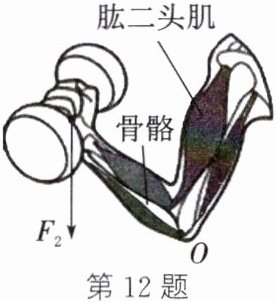 12. 如图所示,举着哑铃的前臂骨骼可看成杠杆,画出动力$F_{1}的示意图及阻力F_{2}的力臂l_{2}$。
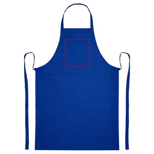 Duurzaam schort van 200 g/m² GOTS gecertificeerd organisch katoen. Beschikt over 2 aangrenzende zakken met een gecombineerde afmeting van 45 x 20 cm en een bandsluiting van 1 meter aan de achterkant. Lengte van de nekband: 55 cm.Drukoppervlak:
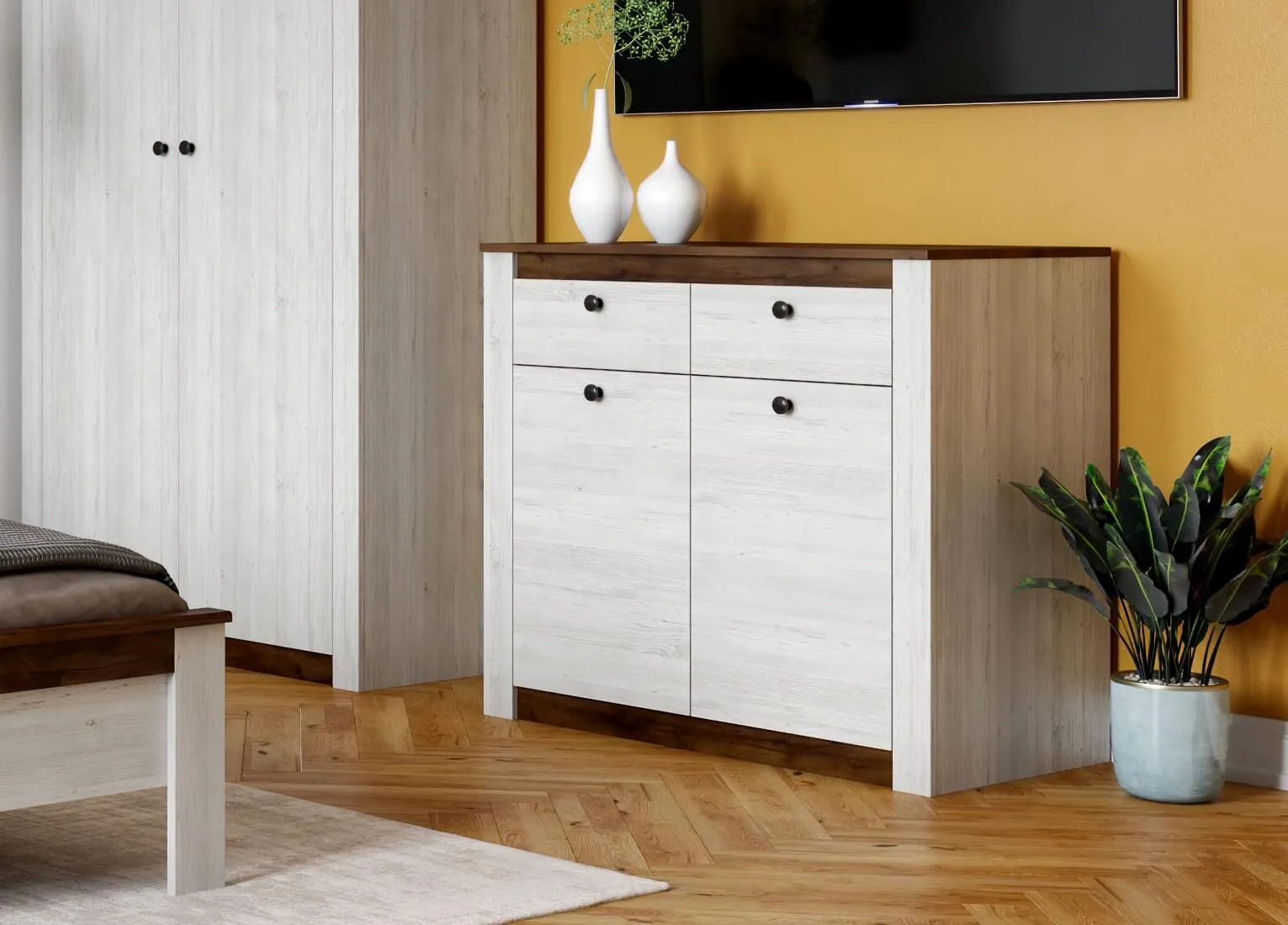 "Даллас" имеет две двери и два выдвижных ящика, что позволяет удобно хранить вещи и поддерживать порядок в комнате.
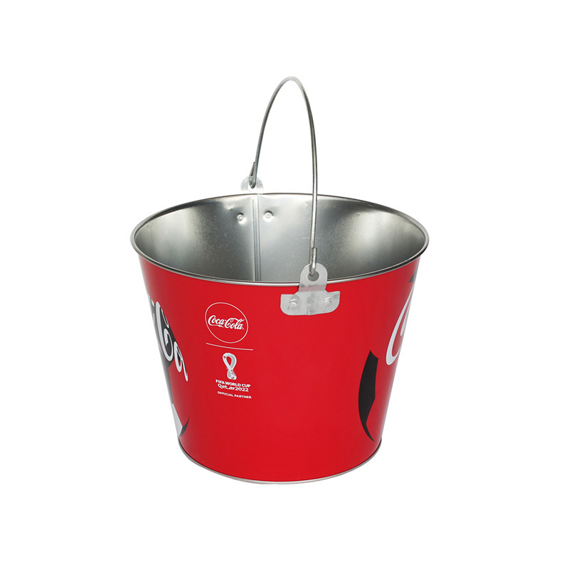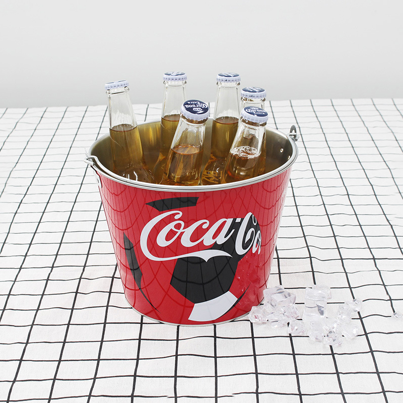 This custom tin ice bucket is designed for beverage brands and bar promotions. Made from high-quality tinplate, it features strong durability and excellent printing performance for vibrant logos. Widely used in bars, restaurants, and marketing campaigns.
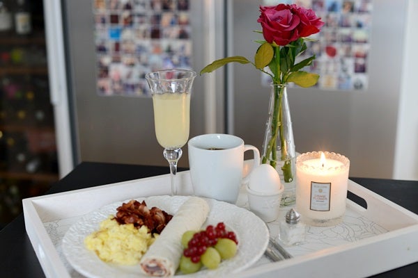 Micke staaackarn har åkt på min förkylning (ja ni vet hur sjuka förkylda män blir) så han fick sovmorgon och frukost på sängen 🙂
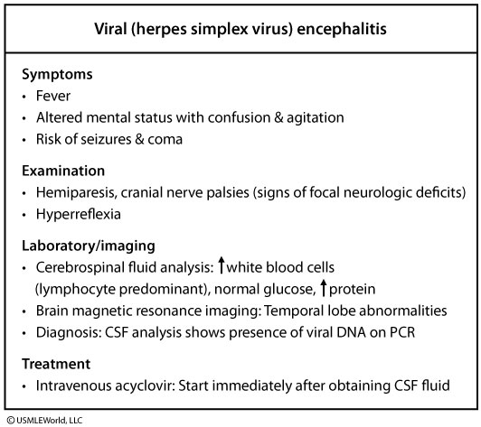 Lumbar puncture usually shows cerebrospinal fluid (CSF) findings of elevated white blood cell count with lymphocytic predominance, normal glucose, and normal to slightly elevated protein concentration (generally 100 mg/dL). Most patients have an increased red blood cell count as well. Diagnosis is usually confirmed by detecting viral DNA by polymerase chain reaction (PCR) in the CSF. Empiric treatment with intravenous acyclovir should be started while awaiting PCR results as encephalitis is often associated with significant morbidity and mortality.
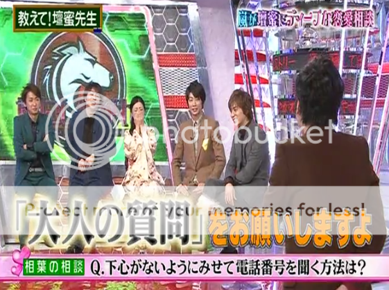 雅紀問要如何比較不那麼直接,暗地裡的問對方要電話號碼。NINO就吐槽『不是讓你問大人該問的問題嗎?』(怎麼會這麼小孩子的問題啊!雅紀,你到現在都沒和女生要過號碼嗎?真清純啊~)
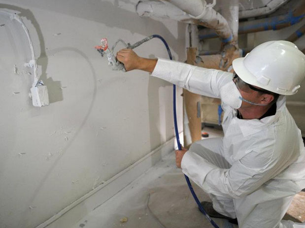 Technician Randal Olano applies the acoustic treatment as part of the ONR programme. The programme conducted preliminary noise measurements aboard the vessel in August 2011, using a 3D noise modelling/exposure tool. Applied to areas identified in the initial noise surveys, the spray-on thermal/damping control treatment could significantly reduce the noise-induced hearing loss of sailors serving aboard the Nimitz-class aircraft carrier.
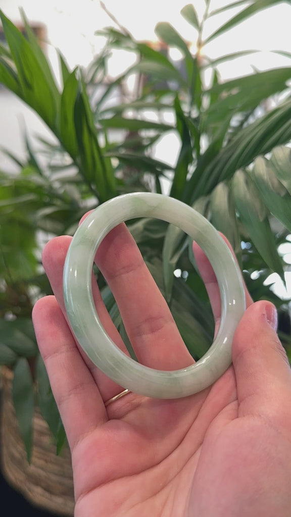 * DETAILS--- This bangle is crafted from genuine Burmese Jadeite jade. It features a smooth, translucent texture with a light green flower color throughout. Has some cloudiness and natural lines. It's a full round, traditional bangle, which gives the bangle a more petite look at this larger size. Known for its durability, jadeite is also believed to bring good luck. This bangle makes a thoughtful and meaningful gift for yourself or someone special.
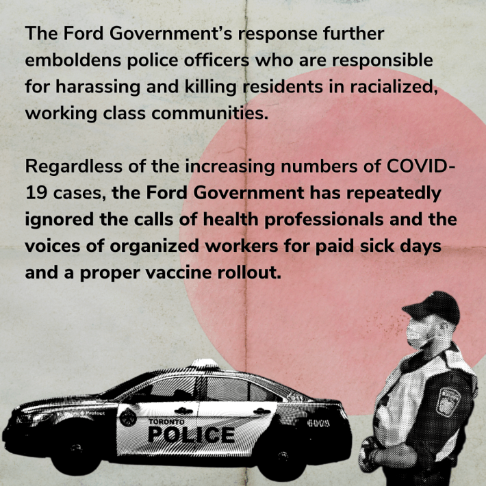 The Ford Government’s response further emboldens police officers who are responsible for harassing and killing residents in racialized, working class communities. Regardless of the increasing numbers of COVID-19 cases, the Ford Government has repeatedly ignored the calls of health professionals and the voices of organized workers for paid sick days and a proper vaccine rollout.
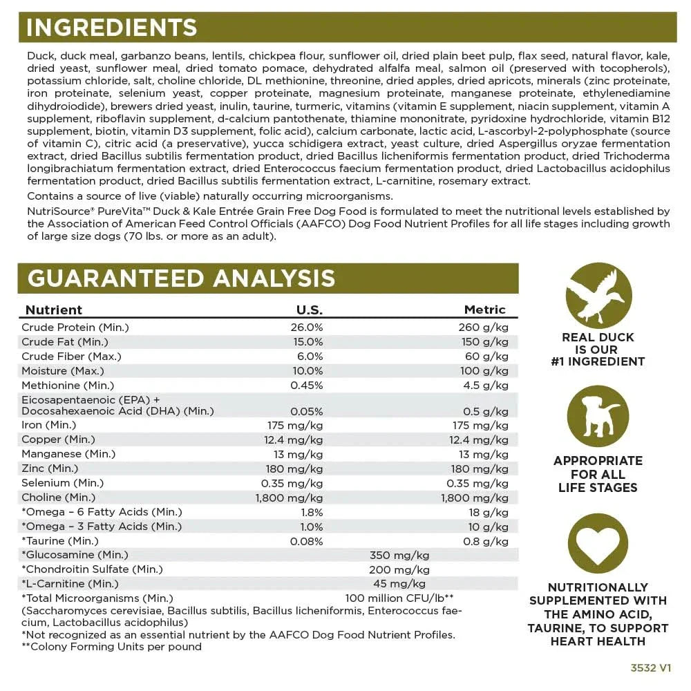 NutriSource® PureVita™ Duck & Kale Entrée Grain Free Dog Food is formulated to meet the nutritional levels established by the Association of American Feed Control Officials (AAFCO) Dog Food Nutrient Profiles for all life stages including growth of large size dogs (70 lbs. or more as an adult).
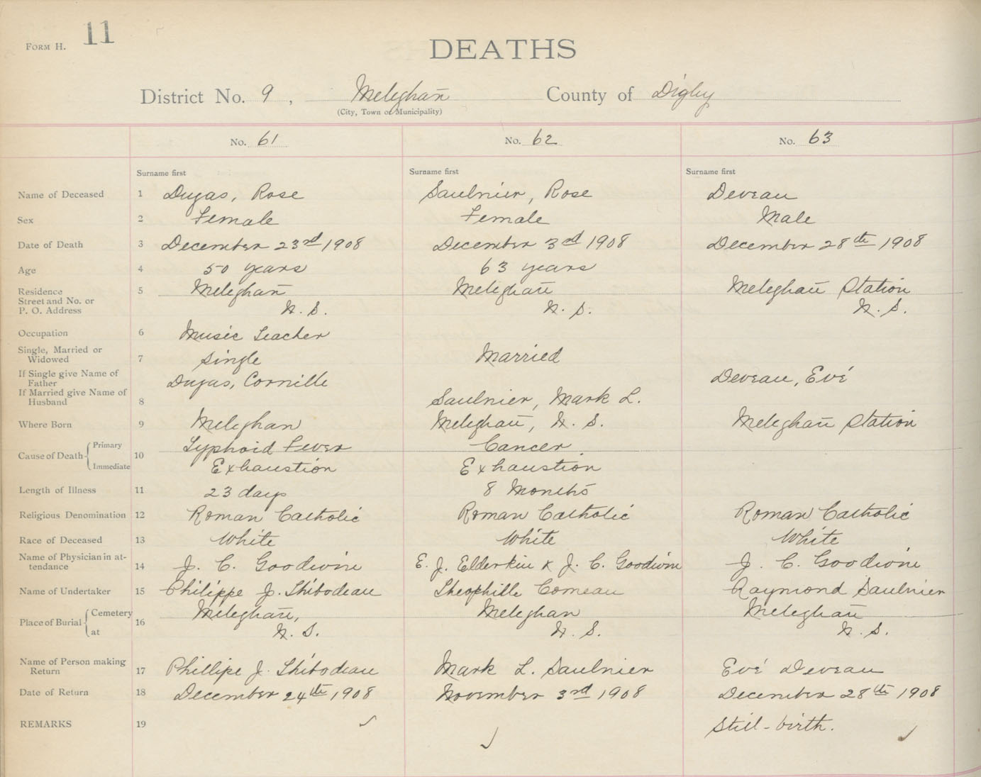 Death Registration: Year: 1908 book: 6 page: 11 number: 61
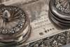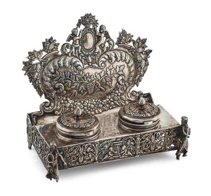 Solomon Herz & Co, import marks for London 1891, bearing earlier French marks, of rectangular outline with pierced scrolling and foliate detail to sides, raised on four feet, two modelled as Grecian women, with a scrolling foliate decorative back plate, topped by cherubs and a vacant cartouche, the body with two removable ink-pots and a pen tray, engraved 'To Alfred Lord Tennyson with sincere admiration'

=-=-=-=-=

• About this exercise:
Pictures excluded, reproduce only the part above that opens with the line holding "Micke staaackarn har" and closes with the line holding "Lumbar puncture usually", exactly as written.

• Answer box:
 Micke staaackarn har åkt på min förkylning (ja ni vet hur sjuka förkylda män blir) så han fick sovmorgon och frukost på sängen 🙂
 Lumbar puncture usually shows cerebrospinal fluid (CSF) findings of elevated white blood cell count with lymphocytic predominance, normal glucose, and normal to slightly elevated protein concentration (generally 100 mg/dL). Most patients have an increased red blood cell count as well. Diagnosis is usually confirmed by detecting viral DNA by polymerase chain reaction (PCR) in the CSF. Empiric treatment with intravenous acyclovir should be started while awaiting PCR results as encephalitis is often associated with significant morbidity and mortality.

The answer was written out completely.